Officine Universelle Buly 1803 is a French beauty brand, which was first founded by Jean-Vincent Bully in 1803 on rue Saint-Honore in Paris, and then dusted by the French couple, Ramdane Touhami and Victoire de Taillac-Touhami in 2014.
It is headquartered in Paris, France, and has had more than 25 stores around the globe and counting, known for its Parisian apothecary style, rich heritage, unique personalization, natural ingredients, and products collected and inspired from around the world.

The brand sells perfumes, scented candles, soaps, plant oils, and other beauty products for body, face and hair, as well as accessories.

History

Early years 
At the beginning of the 19th century, a merchant perfumer, Claude Bully, invented a vinaigre de toilette, a vinegar-based fragrance designed to fight body odors, cure disease, and nourish the skin, which later rewrote the perfume industry and popular beauty care, even it was first reserved for aristocrats.

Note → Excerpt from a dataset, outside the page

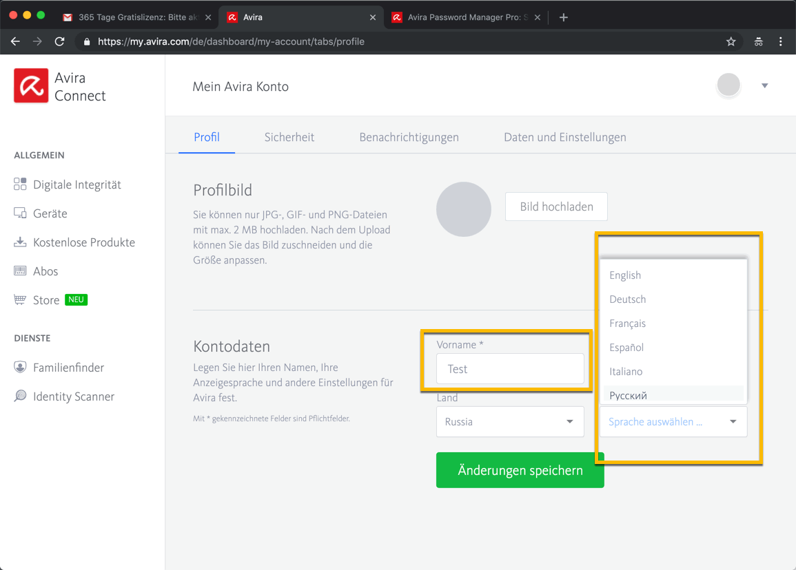 3. После регистрации перейдите на страницу настройки профиля, укажите значение Vorname и поменяйте язык интерфейса на Русский.

Then his son, Jean-Vincent Bully, sought validation from doctors and scientists, bringing further recognition to the brand, while the vinegar was granted two patents in 1809, another for improvements in 1814, with products showcased at the 1823, 1827, and 1849 World Fairs, as well as at the Great Exhibition in London (in 1851). At its hype, Pêle-Mêle in 1904 claimed that “the best vinaigre de toilette … bears the name of Bully vinegar.”  Meantime in the summer of 1937, Le Figaro mentioned in its Beauty section: "Don't forget to buy a bottle of … Bully vinegar, the object of world renown for nearly a century."

After the high comes the low: Bully lost his shop due to a riot in the whirlwind of a revolution, and then had to sell his business "for a trifling sum", after which the perfumer died in poverty. His fate is mirrored in Cesar Birotteau, the eponymous protagonist in Balzac’s novel, Scenes from Histoire de la grandeur et de la décadence de César Birotteau from The Human Comedy.

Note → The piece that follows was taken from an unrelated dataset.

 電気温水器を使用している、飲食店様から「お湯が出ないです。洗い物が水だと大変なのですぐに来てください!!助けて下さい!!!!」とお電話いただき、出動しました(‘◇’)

The stores of Claude and Jean-Vincent Bully remained but a memory, yet a "Vinagre Aromatico Tipo de Bully" with the very same formula continued to exist in Latin America due to the vagaries of licensing; the work of the Bully family had endured, except outside the borders of France.

Creation of Officine Universelle Buly 1803 
Rediscovered by Ramdane Touhami and Victoire de Taillac-Touhami, the brand was revived to what is now known as Officine Universelle Buly, or Buly 1803 in short, an emporium of beauty secrets from all around the world.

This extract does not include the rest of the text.